The weekends of Mid-Winter present an opportune time to begin the meaningless, but fruitful, task of straightening out these rooms. Loose papers can be sorted, catalogued, filed and thrown out. Unassigned objects can be redistributed to empty shelf space throughout the entire house. Magazines can be placed in their respective binders and months-old junk mail can finally be tossed (after all, the offers have expired by now).
In less than a handful of weekends, the targeted room becomes a shining highlight on the house tour. With everything all orderly and neat, even my mother avoids the room (lest my father begin to ask her why she can’t keep her rooms that clean).
Of course, all I’ve accomplished in the cleaning becomes undone over the course of the next eleven months. Each time the house has visitors, I hurriedly rush through all the public rooms in an attempt to make them presentable. Along the way I collect various items which require much contemplation before deciding whether or not to put them in the nearest garbage can.
Ultimately, I table all decisions and these items find themselves parked in limbo and placed on the most convenient space in my den. By the summer, the doors to the den close to the public, the room having become an unsightly mess. (Once again, my mother feels compelled to find some excuse to enter my den and complain about its ragged condition.)

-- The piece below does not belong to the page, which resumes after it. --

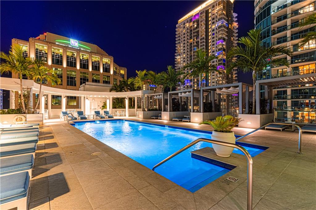 DESIGNER FINISHED TWO BEDROOM + DEN / TWO AND A HALF BATHROOM ON THE 27TH FLOOR AT THE NEW 100 LAS OLAS RESIDENCES* CITY & OCEAN BACKGROUND* FLOOR TO CEILING WINDOWS & SLIDERS OFF THE LIVING ROOM & BEDROOMS LEADING TO AN OVERSIZED TERRACE* DEN INCLUDES A FULL WET BAR WITH FRIDGE & WINE COOLER (ADDITIONAL WINE COOLER IN KITCHEN)* ELECTRIC SHADES THROUGHOUT* BUILD-OUT CLOSETS WITH BARN STYLE DOORS* ***4 PARKING SPACES INCLUDED*** STORAGE UNIT (SAME FLOOR)* TOP OF THE LINE APPLIANCES & FINISHES* WALK TO EVERYTHING DOWNTOWN, LAS OLAS & THE RIVER INCLUDING BARS, RESTAURANTS, SHOPPING & GROCERY STORE* HYATT CENTRIC BRANDED HOTEL & RESIDENCES WITH RESORT STYLE AMENITIES INCLUDING TWO POOLS, FITNESS CENTER, CLUB ROOM, RESTAURANTS, BAR AND GUEST ROOMS*

I guess she just fails to see the strategy. Each February, while many others dote on about the seemingly never ending winter and consider moving to Southern California, I escape the torture of the Mid-Winter Blahs. I’m having too much fun reading year-old mail addressed to “Occupant.”
Last Week #46: Celebrate Freedom Day! (originally published February 8, 1990)
Next Week #48: The Apolitical Blues (originally published February 22, 1990)
[What is this and why is here? See Interested in Discovering My Time Machine? for more details.]
Ouch! This hurts reading 21 years post facto. Apparently, I’ve been too busy to have the mid-winter blahs. “My Den” is now a jungle of paper piled high floor to ceiling. In fact, “cave” might seem a more appropriate metaphor.
Worse, the mess has spread like a disease to the public rooms. My mother can go nowhere without complaining. Truth be told, she doesn’t complain anymore. That’s my wife’s job. If anything, time has become the best argument for the establishment of the long dreamed of “Chris Carosa Museum.” After all, why wouldn’t future generations want to parse my life down to its finest detail?
In all honesty, in the more than two decades since this piece was originally written, my house and I have gained a wife and three wonderful children. They are worth all the mess in the world.